Directions for this task
In the data below, begin at the line with "There is a vegetable" and stop after the line with "标准线路施工实训室🧑🤝🧑。标"; output those lines exactly and no pictures.

Data shown
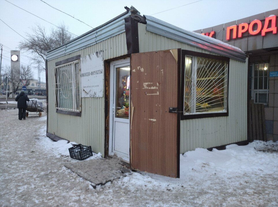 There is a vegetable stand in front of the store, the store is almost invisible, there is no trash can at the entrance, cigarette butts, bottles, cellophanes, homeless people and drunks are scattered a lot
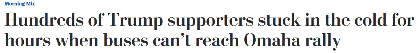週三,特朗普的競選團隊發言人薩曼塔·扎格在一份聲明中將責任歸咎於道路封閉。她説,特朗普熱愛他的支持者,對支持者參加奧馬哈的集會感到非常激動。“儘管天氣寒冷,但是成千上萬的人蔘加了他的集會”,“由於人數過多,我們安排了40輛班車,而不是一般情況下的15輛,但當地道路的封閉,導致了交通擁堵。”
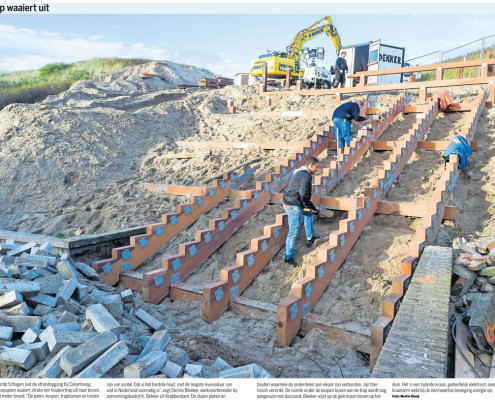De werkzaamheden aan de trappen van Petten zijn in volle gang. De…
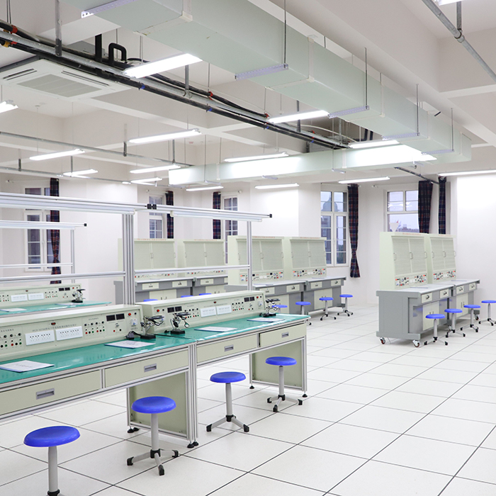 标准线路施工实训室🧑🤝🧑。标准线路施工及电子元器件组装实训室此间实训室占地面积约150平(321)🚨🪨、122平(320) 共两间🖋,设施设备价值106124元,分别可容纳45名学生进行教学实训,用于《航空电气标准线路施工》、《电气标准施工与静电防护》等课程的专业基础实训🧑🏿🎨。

---

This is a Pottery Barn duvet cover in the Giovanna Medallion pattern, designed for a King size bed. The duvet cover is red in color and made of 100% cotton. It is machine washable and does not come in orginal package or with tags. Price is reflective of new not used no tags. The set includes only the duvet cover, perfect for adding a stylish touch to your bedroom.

--

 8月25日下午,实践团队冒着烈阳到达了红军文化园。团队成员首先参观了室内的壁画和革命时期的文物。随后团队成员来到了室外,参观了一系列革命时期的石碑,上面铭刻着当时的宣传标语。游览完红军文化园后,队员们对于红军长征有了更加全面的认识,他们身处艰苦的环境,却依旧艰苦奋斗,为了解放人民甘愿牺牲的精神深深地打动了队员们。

Answer to this task
 There is a vegetable stand in front of the store, the store is almost invisible, there is no trash can at the entrance, cigarette butts, bottles, cellophanes, homeless people and drunks are scattered a lot
週三,特朗普的競選團隊發言人薩曼塔·扎格在一份聲明中將責任歸咎於道路封閉。她説,特朗普熱愛他的支持者,對支持者參加奧馬哈的集會感到非常激動。“儘管天氣寒冷,但是成千上萬的人蔘加了他的集會”,“由於人數過多,我們安排了40輛班車,而不是一般情況下的15輛,但當地道路的封閉,導致了交通擁堵。”
De werkzaamheden aan de trappen van Petten zijn in volle gang. De…
 标准线路施工实训室🧑🤝🧑。标准线路施工及电子元器件组装实训室此间实训室占地面积约150平(321)🚨🪨、122平(320) 共两间🖋,设施设备价值106124元,分别可容纳45名学生进行教学实训,用于《航空电气标准线路施工》、《电气标准施工与静电防护》等课程的专业基础实训🧑🏿🎨。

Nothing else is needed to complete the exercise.